There was mass resistance to internment. Within minutes of the first internment raids hundreds of women came out on the streets to rattle bin lids. Young people built barricades and fought to keep British troops out of Catholic areas.

In the 48 hours after the first dawn raids the British army shot and killed ten civilians. The victims included a priest, Father Hugh Mullan, who was gunned down by the army as he was giving the last rites to a wounded man. Thousands of working class Catholics were forced out of their own homes and ended up living in squalid refugee camps in Southern Ireland.

THE NORTHERN Ireland government introduced a year-long ban on demonstrations. But that didn’t stop protests. In Derry over 8,000 workers struck for 24 hours against internment. Even respectable figures, like John Hume of the SDLP, joined in the revolt. Some 130 councillors resigned from their seats.

Up to 30,000 households joined a rent and rates strike against internment. A group of trade unionists in Tyrone organised a march against internment on Christmas Day.

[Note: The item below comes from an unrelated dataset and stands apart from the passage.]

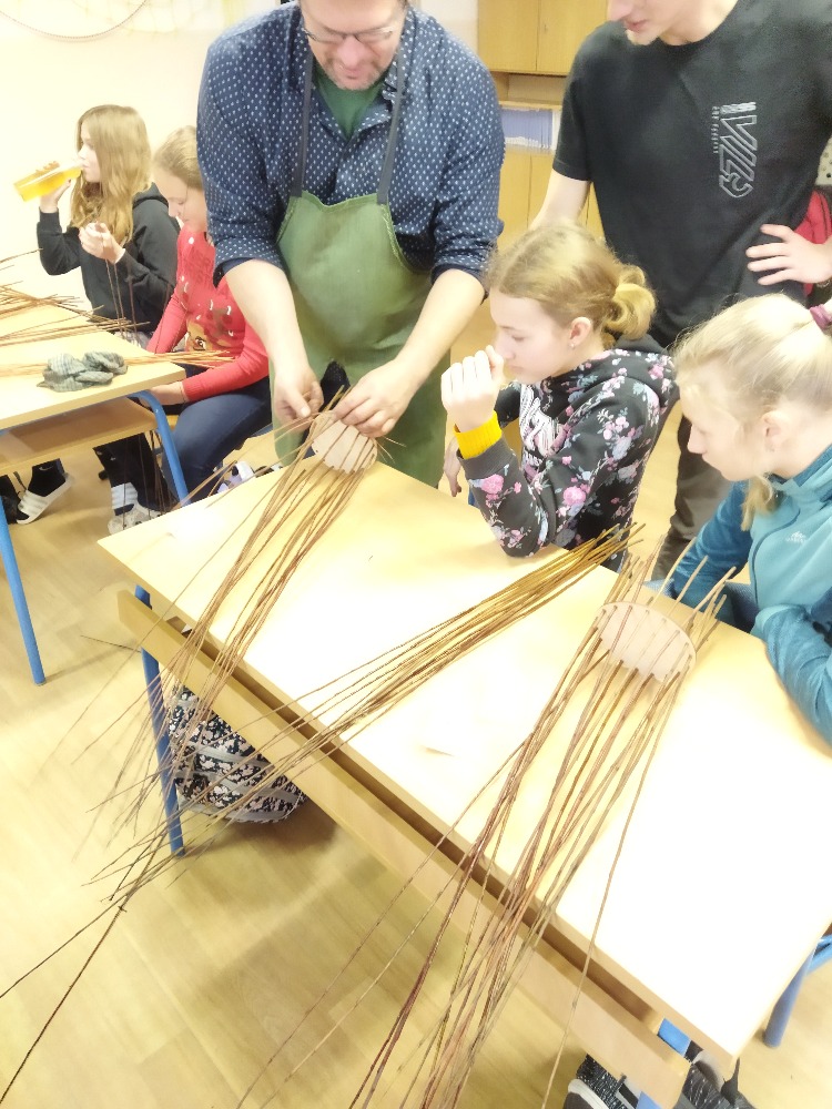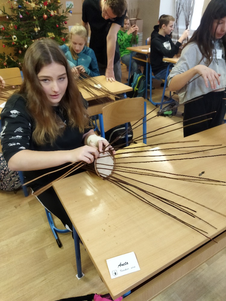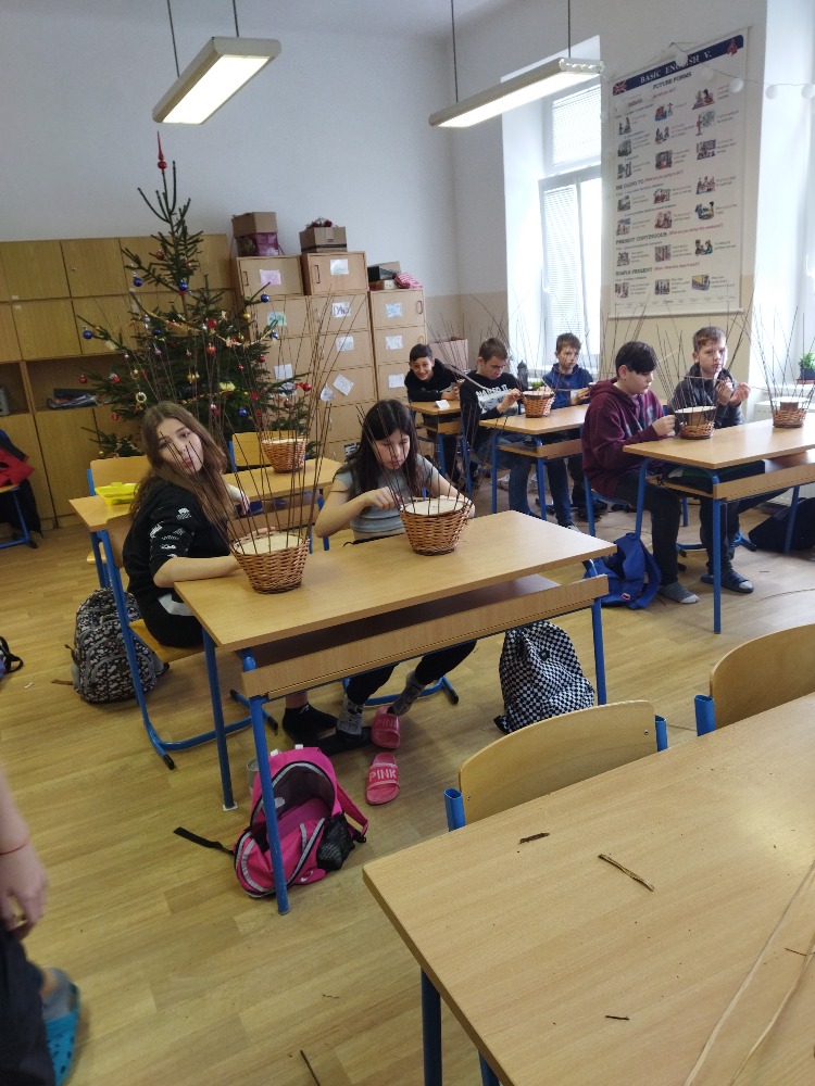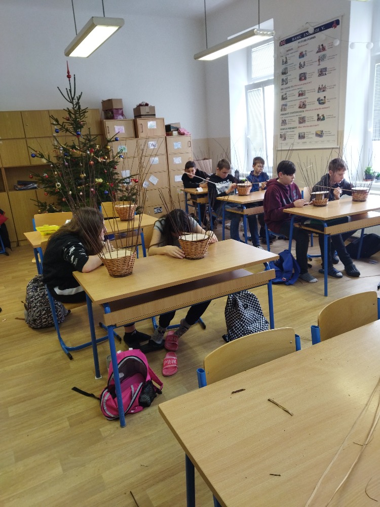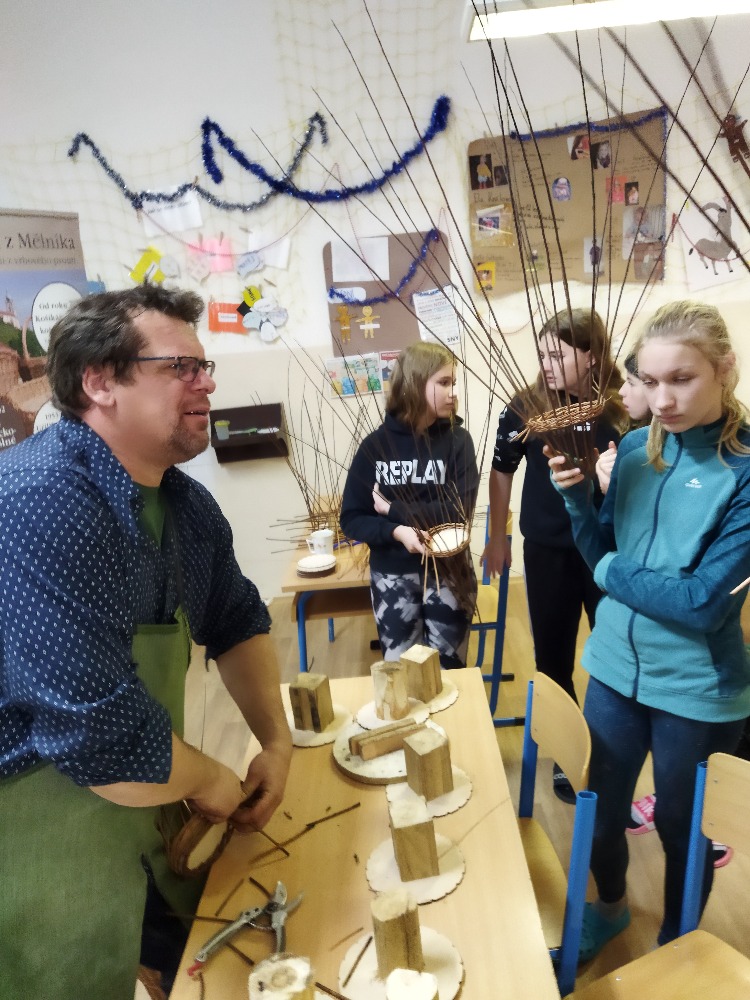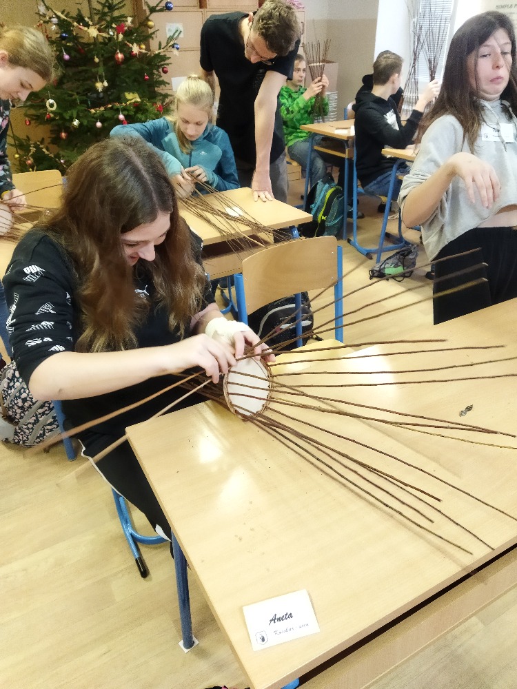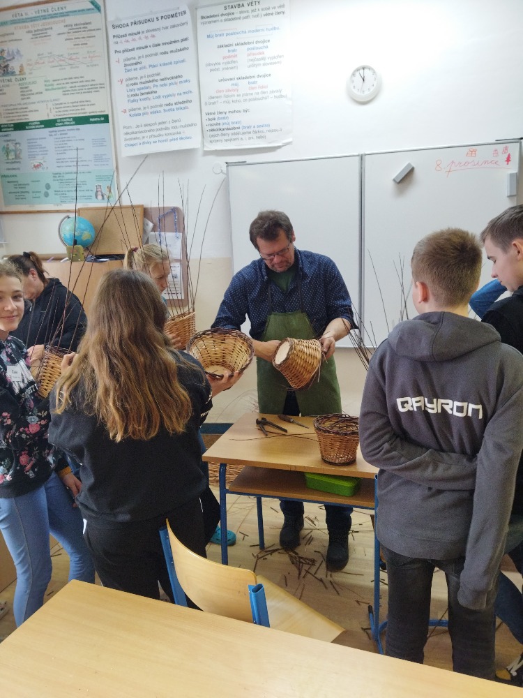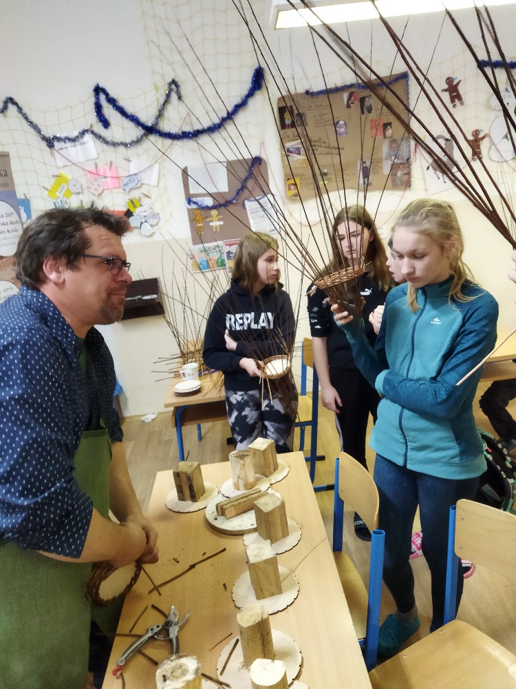V prosincový čtvrtek 8. 12. zavítal do sedmého ročníku naší školy pan Petr Král se svou paní, aby dětem ukázali krásu košíkářského řemesla.

Some 4,000 people joined the march, which was viciously attacked by the RUC police. The height of the resistance was organised on 30 January 1972 in Derry, where thousands gathered for a peaceful march against internment.

The British government ordered the Parachute Regiment to shoot down unarmed demonstrators. They killed 14 people on what became known as Bloody Sunday. Far from crushing the IRA, internment and Bloody Sunday swelled its ranks, as Catholics saw the IRA as the only way to defend their lives and communities. The British government finally ended internment in December 1975.

But British repression, including a shoot to kill policy and collusion with Loyalist paramilitaries, continued to fuel the violence, repression and injustice that remain today.